I’m not sure if this judgement can lead to anything actionable but it’s an idea to consider.

It also highlights an interesting ambiguity of a more general nature - is a node incompetent or malicious? It’s not always going to be easy to differentiate.

5 Likes

I am wondering if the section causing the node to relocate cannot specify a portion of the a number of desired addresses and the node has to be within that range. How much work this will cause maybe an issue

1 Like

Even that smells of being open to abuse. A “large” gap is relative so a crafty attacker may still be able to run the borderline just passing any judgment checks while still relocating their nodes to “larger” small gaps closer to their malicious target, on average.

1 Like

I think I’ve mentioned this before, but if the network enforces a Poisson Disk sampling rule then vaults will be more or less evenly distributed.

6 Likes

I initially thought the relocation would need to change from a section prefix to a range of addresses, but realised today that simply a longer prefix achieves the same effect.

eg instead of relocating to section with prefix 0011 the node must relocate to a prefix 0011010 which would put the node in a specific part of that section.

So the code change would be really minimal.
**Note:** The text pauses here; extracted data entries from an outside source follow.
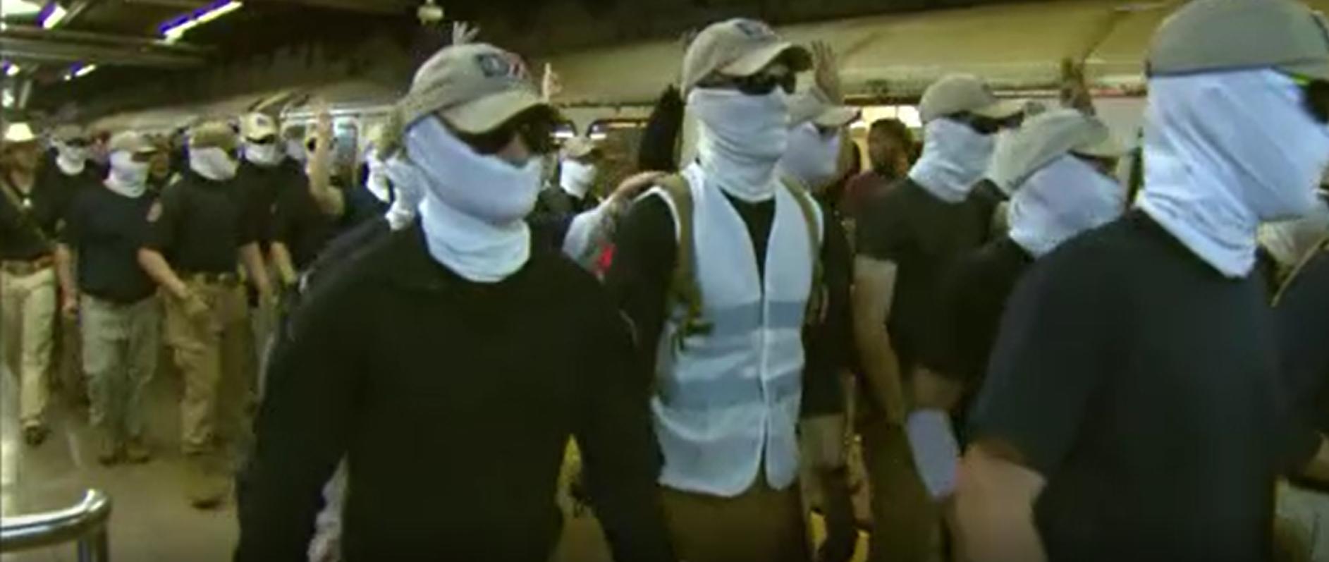 CBS Boston đưa tin người đàn ông che mặt, một số mang khiên và cờ cảnh sát, là một phần của nhóm người da trắng Patriot Front. Những người này còn được cho là đã lên chuyến tàu điện ngầm tại một nhà ga trung tâm thành phố.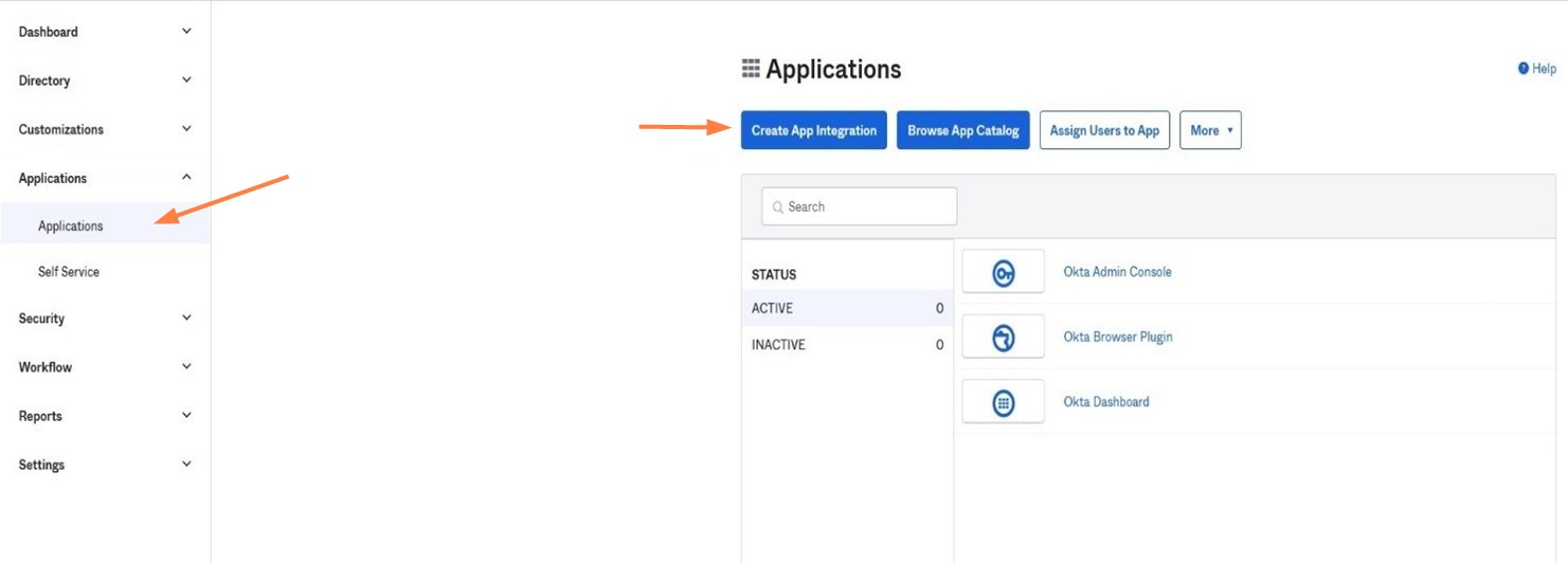 - After successful login to Okta, go Applications > Applications, and click Create App Integration.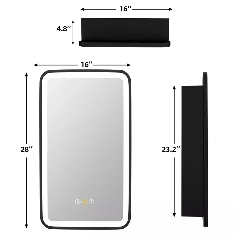 HBEZON Medicine Cabinet with Mirrors and Lights, Recess/Wall Mount Bathroom Cabinet, 3 Mode LED Lights, Anti Fog, Dimmable, Memory Function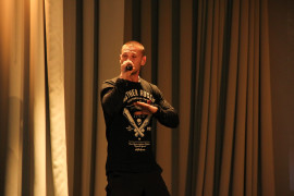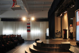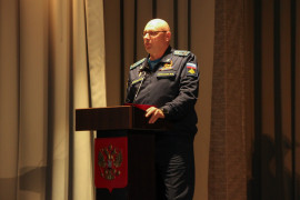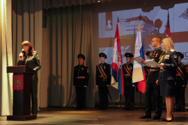 После внесения под марш оркестра СПКУ государственного флага Российской Федерации, флага Министерства обороны и Знамя училища, с приветственным словом к участникам и гостям Первенства обратился начальник Ставропольского президентского кадетского училища Преснухин Вячеслав Валерьевич:

The hardest part is deciding which extended prefix to use.

Indeed. I think you touch on a broader point here of ‘what counts as section health’. No matter how it works it will need some sort of measurement. Which raises the question, is the overhead of measuring health worth it (compared to a lighter solution such as random relocation)? I feel that yes the overhead of measuring health is probably worth it, but it’s a good engineering challenge to try and quantify this.

6 Likes

Or evaluate if it is indeed possible looking forward? We know looking backwards a section is healthy enough if it’s still working. W may be able to work out it’s resource starved etc.

3 Likes